As it is a franchise, taking control would not cost the tax-payer a penny, and would prove less expensive than the current model, which was subsidised to the tune f £511million in 2013/14, despite the fact that none of the subsequent profits found their way into Scottish government coffers.

However, Paul is not calling for a return to the monolithic state model of British Rail, which was run over the heads of both its employees and passengers.

Despite this, BR did engender a sense of public service amongst its staff, which has never quite gone and which could be revived, Paul believes, at the first whiff of co-operative values of ownership and community involvement/support.

If you examine the converse, for instance amongst hospital cleaners – formerly NHS workers and now employed by privately-run operatives – the sense of pride in their work, and of belonging, is lost, and with it some of the goodwill and loyalty engendered by such values.

Now look at Lothian Buses, which remains 100 per cent publicly-owned, the Edinburgh City Council holding 91 per cent of shares, the others held by adjoining local authorities. It made £8million in profit in 2012, none of which went to private shareholders, and its focus is not profits but areas such as social inclusion, and breaking down barriers to young people using public transport.

Once the rail franchise was restored to public hands, we could work on devolving its management to a micro-level, involving workers, passengers and communities.

If the workers are on board, experience suggests a more motivated workforce, less staff absence, better ideas and more commitment to making them workable.

If passengers are on board, you have more users, more fares paid, less traffic on the road. If communities are on board, you could have stations that are also community hubs, with shops, community centres, tourist information points, and so on.

Some of these ideas are already running, for instance in Beauly, in Inverness-shire, the station that closed in 1960 was re-opened in 2002, and such was the community response that a 75 per cent reduction in commuter traffic was recorded.

A decade later, the station at Conon Bridge was re-opened, to ease congestion on the Kessock Bridge. In its first month, this tiny rural line operating a restricted timetable saw 2000 passenger journeys.
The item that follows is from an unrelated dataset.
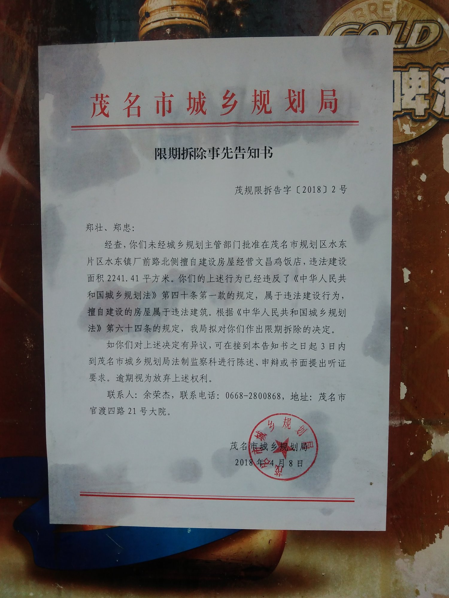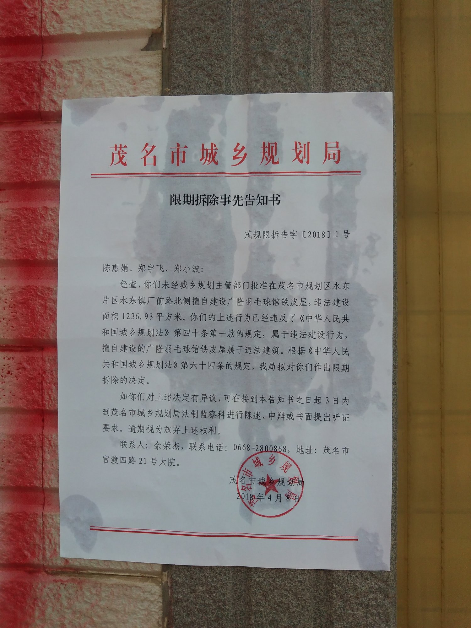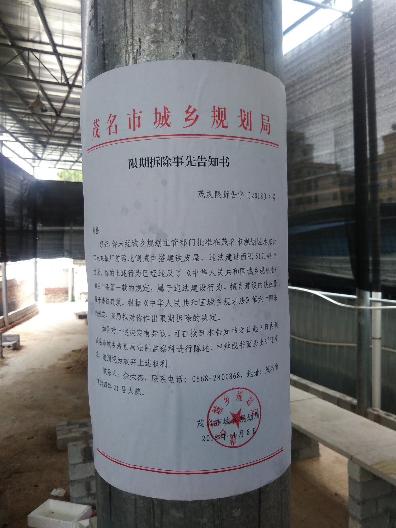 茂名市城乡规划局下达限期拆除通知的红头文件,之前村民第二次到区政府静坐抗议时,村委代表们当天也去了茂名市信访局。至于这些部门怎么协调工作无人知晓,推来推去不知道哪里能话事。后来听村民说茂名市领导指责电白区城建部门胡搞瞎搞,事情源于2008年村民去北京上访,后拦截回来作出的协议不符规章。说来也是觉得有点奇葩,区里已经定性非法违建还要搞到市局再来定性一次,这次由茂名市城乡规划局领导亲自下来到厂前路违建现场走一趟,一起陪同他们去粘贴公告,到底是谁在幕后左右阻碍政府拆违工作,搞的停滞不前个个怕事?

In Pitlochry, thanks to ScotRail’s Adopt-a-Station scheme, empty station buildings now house a thriving second-hand bookshop and cafe, making it a stopping-off point for tourists and bibliophiles, as well as a welcome local amenity.

Not that such schemes should be left to voluntarism, which generally favour communities that are affluent. Rail management needs to reach out, and draw the community in.
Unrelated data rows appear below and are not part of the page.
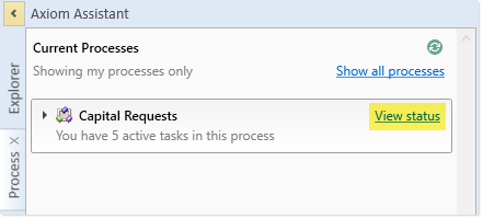 In the Process task pane (or a custom task pane configured to show the process control), click the View status link for the process.
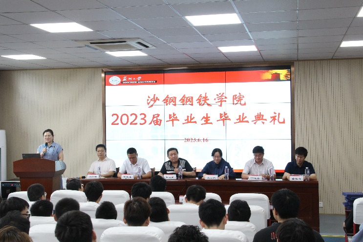 来日方长暂作别,循光而往踏歌行。2023年6月16日下午,沙钢钢铁学院2023届毕业生毕业典礼在冶金楼3102举行,学院院长董元篪,党委书记沈云彩,副院长王德永,副院长丁汉林,院长助理、资源循环科学与工程系主任国宏伟,冶金工程系主任盛敏奇,复合材料工程系主任宋滨娜,班主任张庆宇,毕业班辅导员成苗以及2023届全体毕业生参加了毕业典礼。毕业典礼由成苗主持。
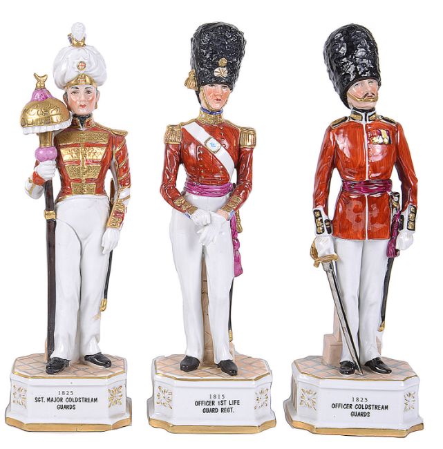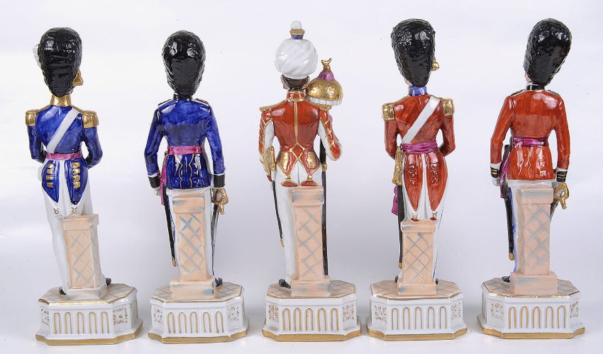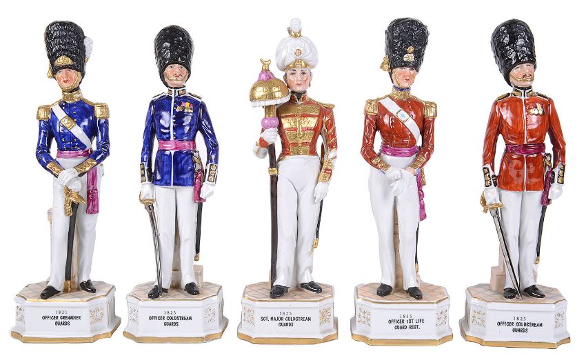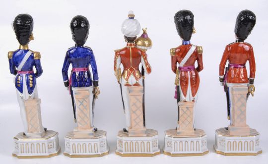 Five German porcelain figures of soldiers

Station management could overlap, for instance, with planning departments; why exactly do we not favour housing developments around stations and other public transport hubs?

In an age of Peak Oil and climate change, the days of car-dependent urban sprawl are surely numbered.
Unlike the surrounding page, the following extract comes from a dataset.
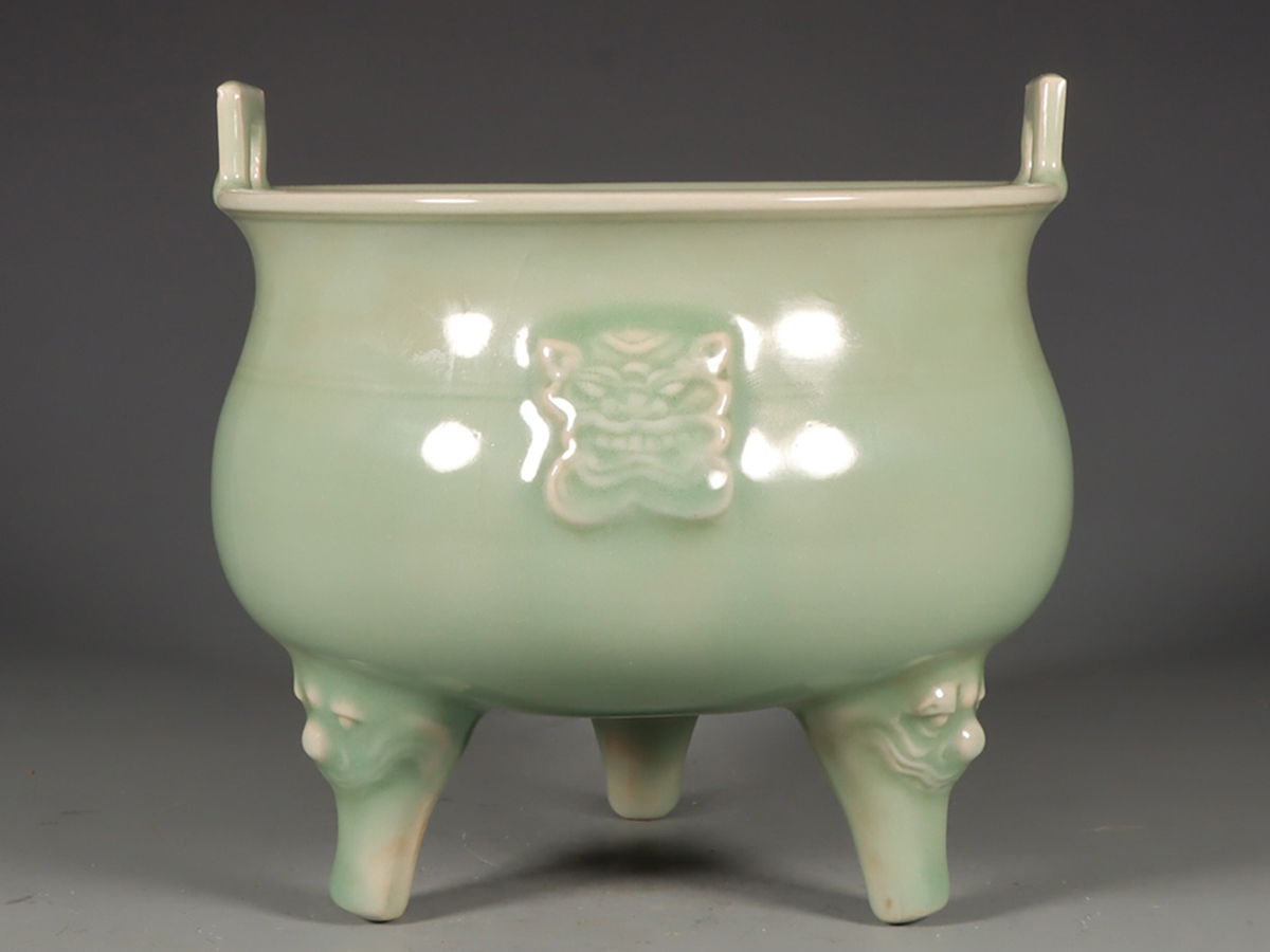 - ▽鴻▽宋時代 陶磁器 龍泉窯粉青釉三足炉 共箱 時代物 中国古美術 骨董品

If the government of the day baulks at government ownership, says Paul, then at least it could soften up the Invitation to Tender (ITT), by including a bias towards social benefits, not just ‘efficient’ operational costs.

To be fair, and Paul likes to be fair, the SNP’s ITT is an improvement on its predecessors, taking up issues of lower fares, lower emissions, and investment, and extending an invitation to social enterprise bidders.

However, with regards to this latter, equality of opportunity must be matched with equality of support to take up this opportunity; in short, given that it costs about £10-12million just to make a bid, pretty much all social enterprises are priced out the market from the outset. How about a wee grant for social enterprises, to enable them to make a viable bid?

He further urges that the ITT should propose a ten year contract for the successful bidder, and a 15 year one for the Sleeper service, to encourage long-term investment, and create stability. A people’s railway is not as out-of-reach as it may seem, and with independence, we would shake off the legacy of the Railways Act 1993, which inflicted privatisation on our rail network whether we liked it or not (we didn’t).

With a will, and a vision such as Paul’s, of cooperative values and progressive planning, we could at last be on the right tracks.